Schönfinkel's aim was to minimize the number of logical constants that are required for a formalization of FOL, just as Sheffer (indeed, already Ch. S. Peirce) did for classical propositional logic. One of the two quantifiers mentioned above may be assumed to be defined without loss of generality. Let us say, ∃x A is an abbreviation for ¬∀x ¬A. Even if ¬ and the rest of the connectives are traded in for  ∣ , two logical constants remain: ∀ and  ∣ . A further pressing issue is that quantifiers may be nested (i.e., the scope of a quantifier may fully contain the scope of another quantifier), and the variable bindings (that could be visualized by drawing lines between quantifiers and the variables they bind) may get quite intertwined. Keeping for a moment the familiar logical constants, we may consider the following formula that hints at the emerging difficulties—when the question is tackled in its full generality.[2]

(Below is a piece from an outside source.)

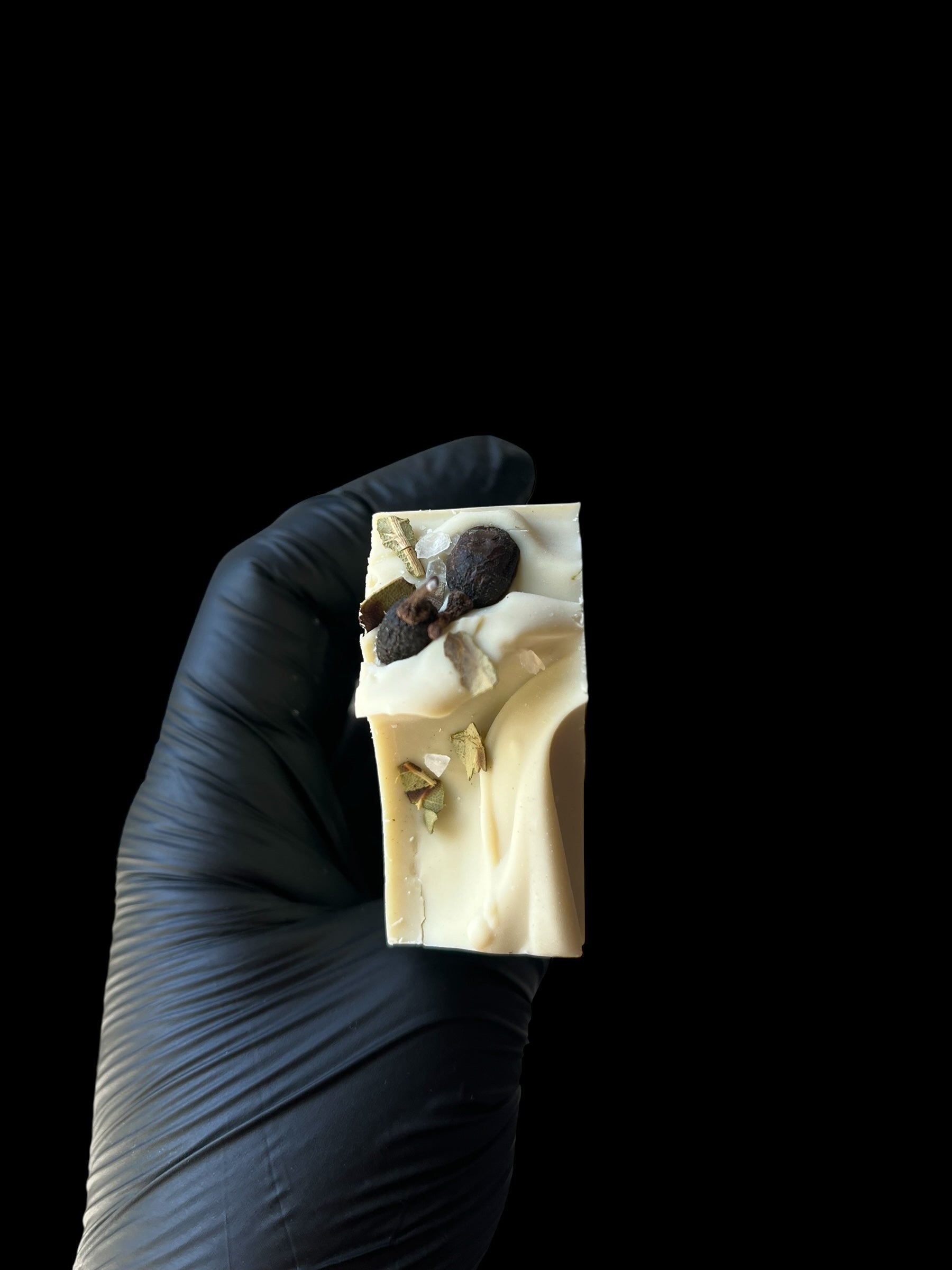Till skillnad från en traditionell aleppotvål innehåller denna, som nästan alla våra övriga tvålar, även lera och salt för att ge en extra härlig tvättupplevelse. Den är också dekorerad med riktiga ekologiska lagerbär och lagerblad.
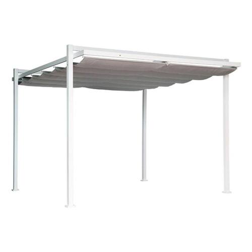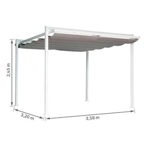 Com uma estrutura de alumínio, altura de 245 cm e dimensões generosas (320x358 cm), este pergolado oferece uma área de cobertura de 11,45 m². A cobertura retrátil em poliéster proporciona flexibilidade para ajustar conforme suas necessidades.

x(∃y(Py ∧Bxy)  ⊃  ∃y(Py ∧ Bxy ∧ ∀z((Rz ∧ Ozy) ⊃ ¬Cz)))

x binds all occurrences of x; the variables in the second argument place of the two Bs are bound by one of the two ∃y's, the latter of which interacts with ∀z via Ozy.

Predicates have a fixed finite arity in FOL, and nothing precludes binding at once a variable in the first argument of one predicate and in the second argument of another predicate. (Indeed, FOL would loose some of its expressiveness, if bindings of this sort would be excluded without some means to compensate for them.) These difficulties persist when a formula is transformed into a(n equivalent) formula in prenex normal form. As long as the variable bindings can interweave and braid into arbitrarily complex patterns, there seems to be no clear strategy for the elimination of bound variables. (Note that free variables in open formulas—in a sense—behave like name constants, and their elimination is neither intended, nor achieved in the procedures described here.)

Schönfinkel's ingenuity was that he introduced combinators to untangle variable bindings. The combinators S, K, I, B and C (in contemporary notation) are his, and he established that S and K suffice to define all the other combinators. In effect, he also defined an algorithm to carry out the elimination of bound variables, which is essentially one of the algorithms used nowadays to define bracket abstraction in CL.[3]

Schönfinkel introduced a new logical constant U, that expresses the disjointness of two classes. For instance, UPQ may be written in usual FOL notation as ¬∃x(Px ∧ Qx), when P and Q are one-place predicates. (The formula may be thought to formalize the natural language sentence “No parrots are quiet.”) In the process of the elimination of the bound variables, UXY is obtained from an expression that contains ‘Xx’ and ‘Yx’, where x does not occur in X or Y, and if X and Y happen to be n-ary predicates with n ≥ 2, then x occurs (only) in their last argument place. For example, “Nobody reads Aristotle and Plato” can be formalized as ¬∃x(Rxa ∧ Rxp), where a and p are name constants that stand for “Aristotle” and “Plato,” respectively. This formula cannot be written as U(Ra)(Rp). On the other hand, “There is nobody whom both Russell and Wittgenstein read,” that is, ¬∃x(Rrx ∧Rwx) turns into U(Rr)(Rw), where the parentheses delineate the arguments of U. Often, the expressions X and Y (in UXY) consist of predicates (and name constants) together with combinators and other U's.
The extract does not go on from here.